Алексей посмотрел на Павла с удивлением.
— А что ты так заинтересовался? Если ты из ФСБ, то зря стараешься. Во-первых, ничего криминального я не дела. А во-вторых, даже если успеешь на меня накопать, а точнее сочинить что-нибудь, то посадить-то все равно не успеешь.
— Что ты злишься? — Павел растерялся. — Я просто хочу знать. Понимаешь, когда я понял, что обречен, вот тут-то мне и захотелось как можно больше узнать про ту жизнь, в которой я жил. Пока здоров был — делами занимался. Бестолково как-то объясняю. Короче, просто интересно. А к эфэсбэшникам у меня свой счет.
— Какой? Расскажи!
— Леш, я первый спросил. Обещаю, расскажу.

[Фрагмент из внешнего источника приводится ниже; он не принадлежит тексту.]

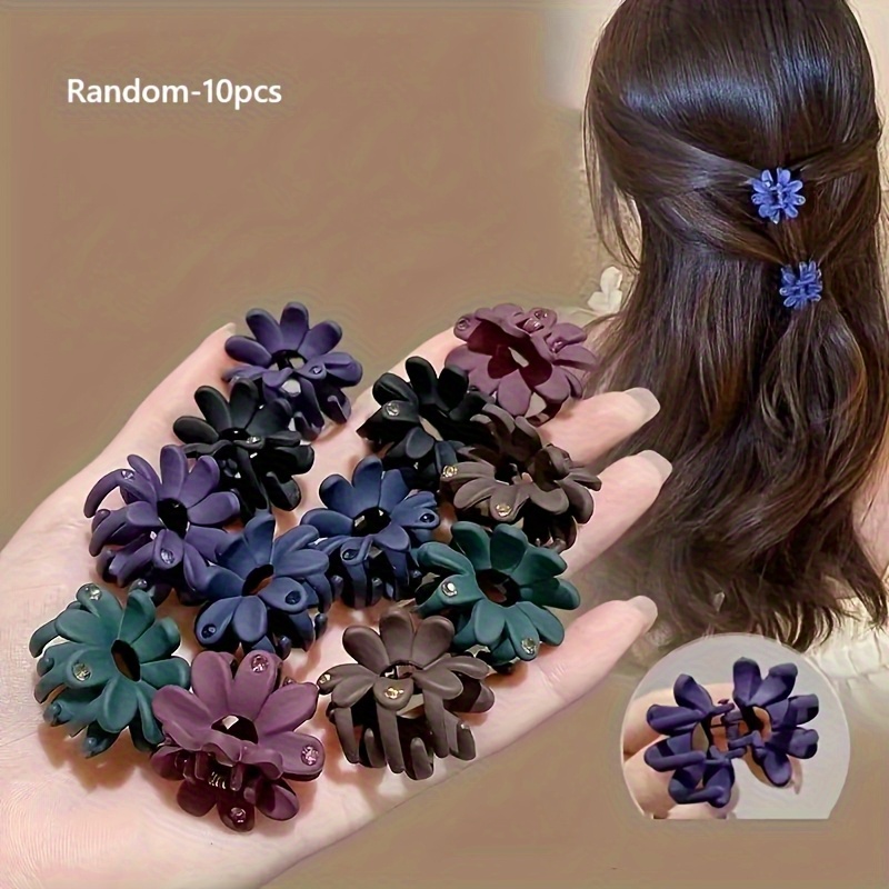 TEMU 10pcs 빈티지 꽃 장식 미니 헤어 클립 - 우아하고 귀여운 단색 플라스틱 헤어 액세서리, 매일 및 정장 스타일을 위한 작은 세련된 디자인, 여성용 헤어 액세서리, 귀여운 헤어 클립, 클로 클립 헤어피스
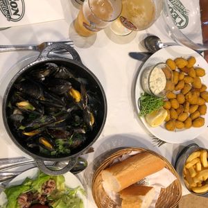 レストランに入るとスムーズに席に通されて安心しました。私たちは、2人でしたが1枚予約をして来店しました。ムール貝は美味しかったですが、1人前で十分でした。追加でビールやパスタをたのみちょうどよかったです。
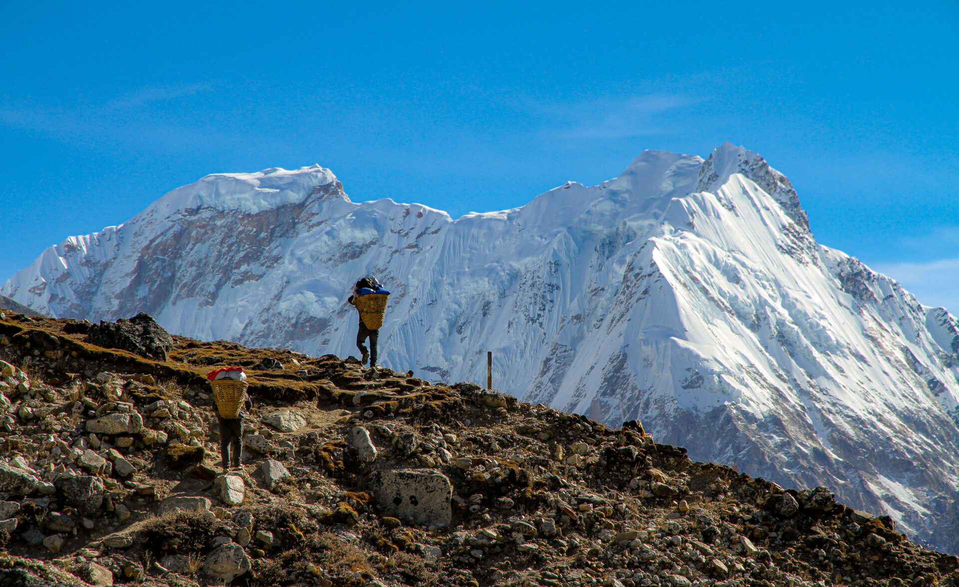 En trek, vous ne portez que votre sac de jour. Notre équipe de porteurs se charge de porter l’équipement commun de cuisine et de campement ainsi que votre bagage. Nous demandons à nos voyageurs de s’en tenir au matériel suggéré sur la liste d’équipement du voyage (fournie à l’inscription) afin de ne pas surcharger notre équipe. Chaque voyageur est limité à 15kg de bagages. Il est possible de laisser des choses à Katmandou que l’on récupère à la fin du trek.
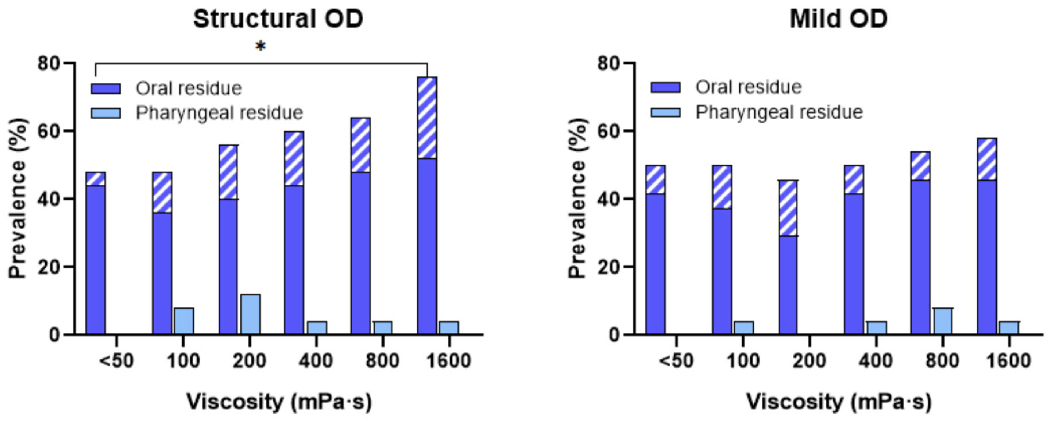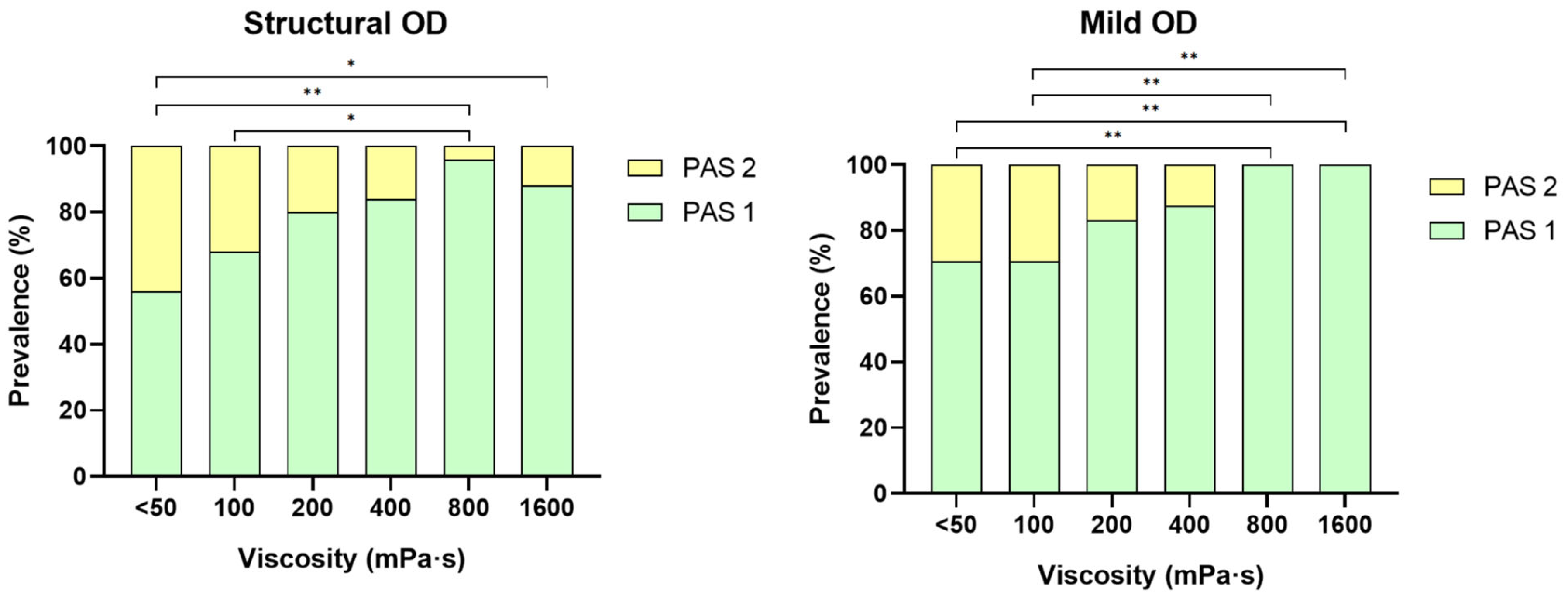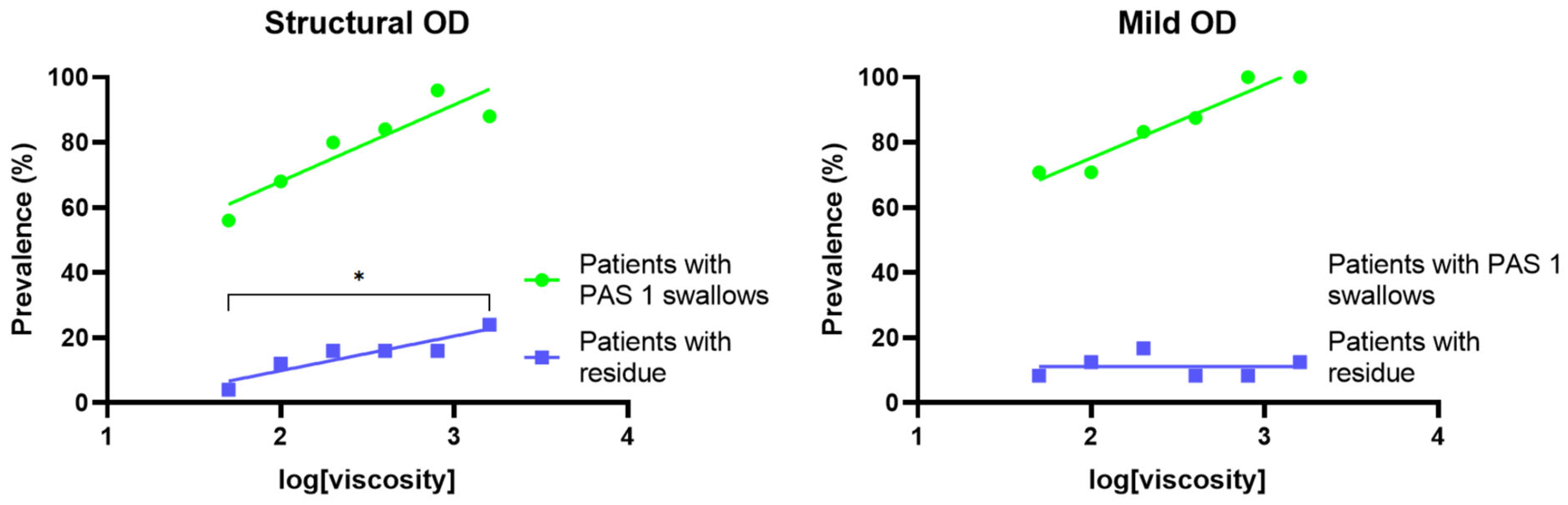 - The inclusion criteria for the mild OD group were based on the baseline VFS assessment. Patients were classified as having mild OD if they presented a PAS score of 1 or 2 (1—material does not enter the airway; 2—material enters the airway, remains above the vocal folds, and is ejected from the airway) at all tested viscosities during this initial evaluation [26] and/or exhibiting signs of impaired swallowing efficacy [27]. Exclusion criteria included impaired safety of swallow in VFS study (PAS ≥ 3), dementia, severe cognitive disorders causing an inability to comply with protocol requirements, and allergy to any study ingredient.

— Да все просто. Классику читать надо. «Золотого теленка» помнишь? Ну, Ильфа и Петрова.
— Читал, но не фанат.
— Так вот, дорогой мой Павел, там много умных мыслей есть. Например, про зиц-председателя Фунта. У него работа была такая — сидеть. За нэпманов.
— Так ты сидел? — Павел чуть было не подпрыгнул.
— Нет. И других не сажал, от тюрьмы спасал. Ладно, расскажу. Знаешь про фирмы-поплавки?
— Ну конечно. Без них никто работать не мог.
— А кто у тебя их возглавлял?
— Я, Леш, их покупал готовые. Поэтому точно не знаю. Ну, думаю, стандартно — бомжи или по краденым паспортам. Меня это не касалось.
— Примитивно и тупо! Так, мой юный друг Павел, я делал это красивее. И тонь ше. Была у меня одна знакомая компания молодых людей. Деловых и оборотистых. Они как раз такие фирмы создавали. И продавали. Таким, как ты. А я им фунтов поставлял.
— Паспорта воровал, генацвали?
— Иди ты! Все проще и гениальнее. У меня приятель в онкодиспансере работал. Он меня давал данные на тех пациентов, у которых была четвертая стадия рака. Ну, как у нас с тобой. То есть обреченных. Подбирал тех, кому месяцев шесть — восемь оставалось. Тут ведь точно не определишь. Вот на имена этих несчастных фирмы регистрировались, а когда менты приходили, то оп-па! — нет человека. Ну а молодежь мне за фамилии и паспортные данные небольшие комиссионные выплачивала. Правда, они все на лечение сына и уходили. Так что я, считай, не для себя старался.
— Остроумно. И в общем-то гуманно, — Павел удивленно качал головой и задорно смеялся.
— Ну, а ты за что эфэсбэшников ненавидишь?
— Да, банальная история, генацвали. Даже дурацкая, если так разобраться.
— Рассказывай, не томи.
— Да, пожалуйста! Была у меня девушка, лет двадцать назад. Или что-то около того. Встречались. Даже жить вместе начали. Да, какой там начали! Два года вместе прожили. Потом она стала обижаться, что в ЗАГС не веду, внимания стал уделять меньше, взяла свои вещи и ушла. Я хотел ее вернуть. У дома ждал, цветы в ручку двери засовывал. На работу к ней ездил. А она — как отрезала. А месяца через два позвонила и сказала, что если я ее не оставлю в покое, то новый ее со мной разберется. Я спросил, кто он такой, разбираться чтобы? Из бандитов? Она отвечает: «Нет, из ФСБ». А потом он мне позвонил. И четко так объяснил, что либо я ее оставляю в покое, либо он «со товарищи» меня укатают лет на десять. Я пошутил, мол, как японского шпиона? А он так спокойно мне отвечает: «Нет, как российского бизнесмена». Я понял, дядя не шутит. Ну, и отвалил. Потом всю жизнь ее вспоминал. Может, она единственная и была, которую я любил.
— Как ее звали? — еле выговорил Алексей.
— Оксана. А что?
— Нет, ничего…
Алексей как-то неестественно стал выгибаться назад, тело напряглось и сразу обмякло. Рука бессильно упала с кровати и несколько мгновений раскачивалась словно маятник. Алексей потерял сознание.